You can use a rasp. After you trim off the excess that is sticking up, you can rasp the toes to make them more level. There is less chance of taking off too much with the rasp too.


----------



## georgiagirl98 (Jun 30, 2013)

Today i tried again and actually managed to get a little more off!  her front hooves are a little better than the back ones. Ill try again Saturday, i know i have dawn soap on hand so ill try the soapy water to soak them first and try again. And i need to make a feed store run this week too so ill look into getting a rasp im thinking it will help. They are a pretty good fit maybe? I dont have enough experience to compare but i guess they would work better if i knew how to use them. Lol. 

When i was attempting to clip them i saw that its like the wall has got little chips in it and has little pieces missing, not cracks though. Could it be a diet problem, or just week hooves from walking on them uneven? We have hoof strengthening polish and conditioning polish for the horses, would putting some of that on them help? I guess it couldn't hurt but i dont want to get her toes stuck together or anything. That probably sounds dumb haha.

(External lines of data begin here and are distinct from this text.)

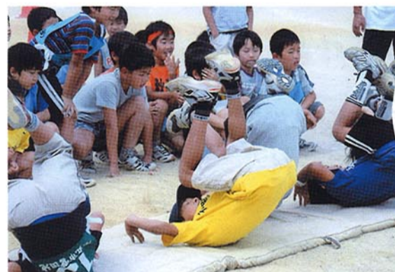
▲障害物① でんぐりがえりでスタート
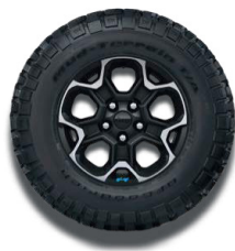
17" lakierowane obrzęcze kół

■ wyposażenie standardowe - wyposażenie niedostępne P pakiet / opcja dostępna w pakiecie
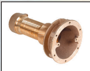
DN 65, GW 2", 48 m 3 /h, kod 324630
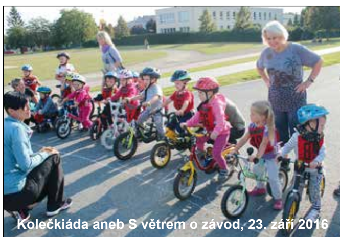
Kolečkiáda aneb S větrem o závod, 23. září 2016
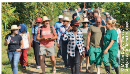
Derecha: 7° Encuentro Internacional de Agroecología de La Vía Campesina, Cuba.
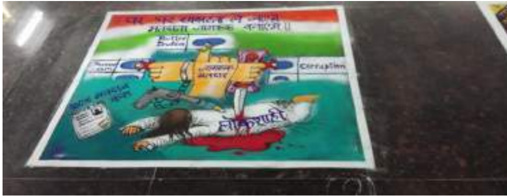
Photograph of National Voter's Day, date 25/01/2020
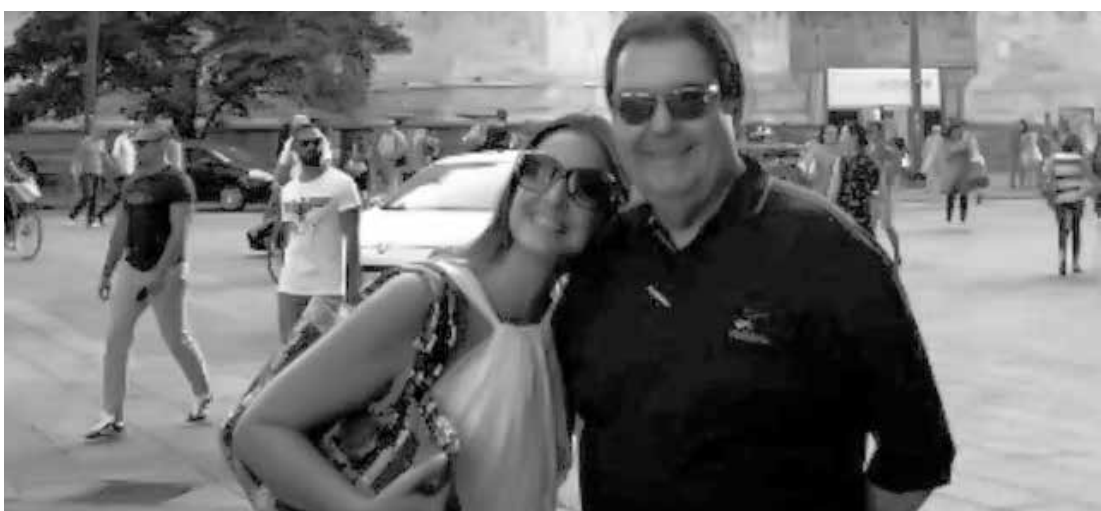
Casal comemora mais um ano de união

porque eu ficava no almoxarifado da cantina. Foi ali que comecei a engordar”, disse, com sua irreverência de sempre. Hoje, no entanto, Fausto disse controlar o garfo. “A alegria do gordinho operado é indicar as comidas para os outros”, divertiu-se Faustão ao rebater Jô, que entregou que o amigo sempre o faz comer demais nos encontros regados a pizzas. Nas redes sociais o público foi à loucura e o assunto ficou entre os assuntos mais comentados no Twitter.
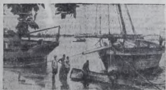
Танзания. Одна из многочисленных бухт Дар-эс-Салама. Отсюда ловцы жемчуга отправляются на промысел.
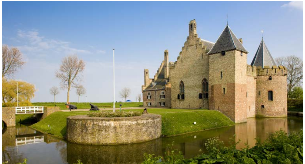
Traumhaft schön: Medemblik

Wind und Salz auf der Haut und ein Gefühl von Freiheit! Segelreisen sind etwas Besonderes. Es ist ein bisschen so, als ob man als Seefahrer-Pionier die Meere erkundet... Erleben Sie hautnah auf der WAPEN FAN FRYSLAN das IJsselmeer und das Wattenmeer. Natur und Elemente pur: Meer, Wind und Sonne. Vor der Nordseeküste erstreckt sich das Watt, ein Naturgebiet, das in der ganzen Welt einzigartig ist. Auf dem Festland der Provinzen Nord-Holland und Friesland erwarten Sie weite Landschaften, beschauliche Orte und malerische Fischerstädtchen. Freuen Sie sich auf eine steife Brise in den Segeln und einen endlosen Blick aufs Wasser, auf Dünen und trocken gefallene Sandbänke. Wenn Sie Lust haben, können Sie an Deck mit anpacken – erforderlich ist es nicht. Auch Segelerfahrung ist nicht nötig. Worauf warten Sie noch? Leinen los!

Thank you for all the help.


----------



## ptgoats45 (Nov 28, 2011)

The chips are probably just the hooves trying to break off themselves. If you use the rasp, just make sure to wear gloves, also push down and push in one direction, lift off and start over again. You always run the rasp in one direction. If you have a side grinder you might try using that too if the hooves are still really hard. Just do it slow so you don't take too much off.


----------



## georgiagirl98 (Jun 30, 2013)

Thank you


----------



## nancy d (Oct 5, 2007)

Good word on operating the rasp Ptgoats.
And yes always wear a leather glove on at least your hoof holding hand.
Most of mine have small chips; they like to stand on woven wire fence.
Georgiagirl sounds like you're making progress!
I do like to trim the hair around feet so I have a good visual line for the angle of the hoof, which should be paralell to that line.


----------



## Goats Rock (Jun 20, 2011)

My buck has feet like that- I took sections of trash bags, and made boots, then filled them with soap and water and 
let them soak while on the milk stand, while I did all the milking, feeding, etc. chores. They were actually soft enough to cut, 
after I got the chores done. (1/2 hr. or longer soak!)

The curving, I am still fighting to get that straight.


----------



## georgiagirl98 (Jun 30, 2013)

Thanks ill have to try that  when i try to soak them in a bucket or something she goes nuts, and even when she is in the milk stand she still manages to get her feet out one way or another. I think that will help alot.


----------